(Beginning of Supplied entries)

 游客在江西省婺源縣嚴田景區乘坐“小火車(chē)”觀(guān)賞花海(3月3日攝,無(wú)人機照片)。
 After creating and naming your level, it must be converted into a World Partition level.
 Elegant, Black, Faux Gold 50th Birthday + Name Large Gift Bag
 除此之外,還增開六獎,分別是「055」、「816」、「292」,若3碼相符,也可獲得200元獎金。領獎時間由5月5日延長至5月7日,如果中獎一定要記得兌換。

(End of Supplied entries)
(Beginning of Supplied entries)

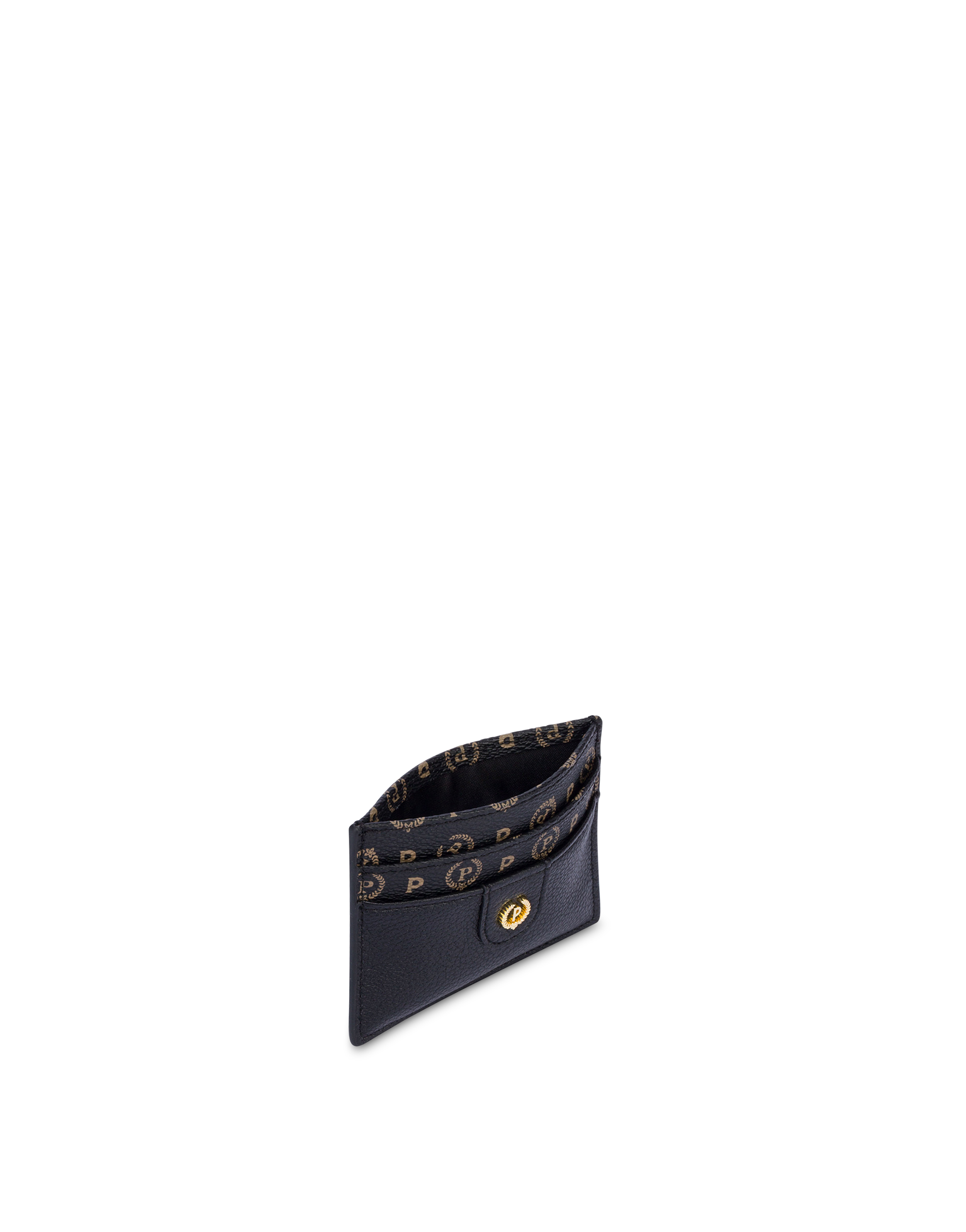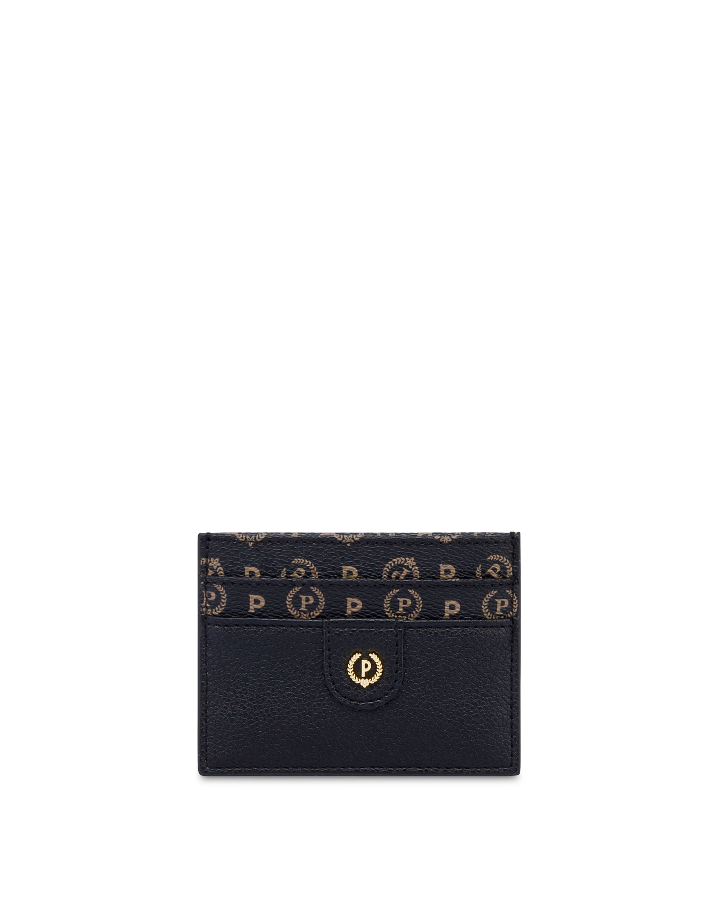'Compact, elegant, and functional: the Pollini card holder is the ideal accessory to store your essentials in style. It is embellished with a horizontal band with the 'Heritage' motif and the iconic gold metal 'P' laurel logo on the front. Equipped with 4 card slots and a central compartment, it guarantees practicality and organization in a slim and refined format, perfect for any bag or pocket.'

(End of Supplied entries)

_Your objective_
All that is wanted is an exact copy of the lines above from the one with "Elegant, Black, Faux" through the one with "除此之外,還增開六獎,分別是", with both ends included.

_Exercise answer_
 Elegant, Black, Faux Gold 50th Birthday + Name Large Gift Bag
 除此之外,還增開六獎,分別是「055」、「816」、「292」,若3碼相符,也可獲得200元獎金。領獎時間由5月5日延長至5月7日,如果中獎一定要記得兌換。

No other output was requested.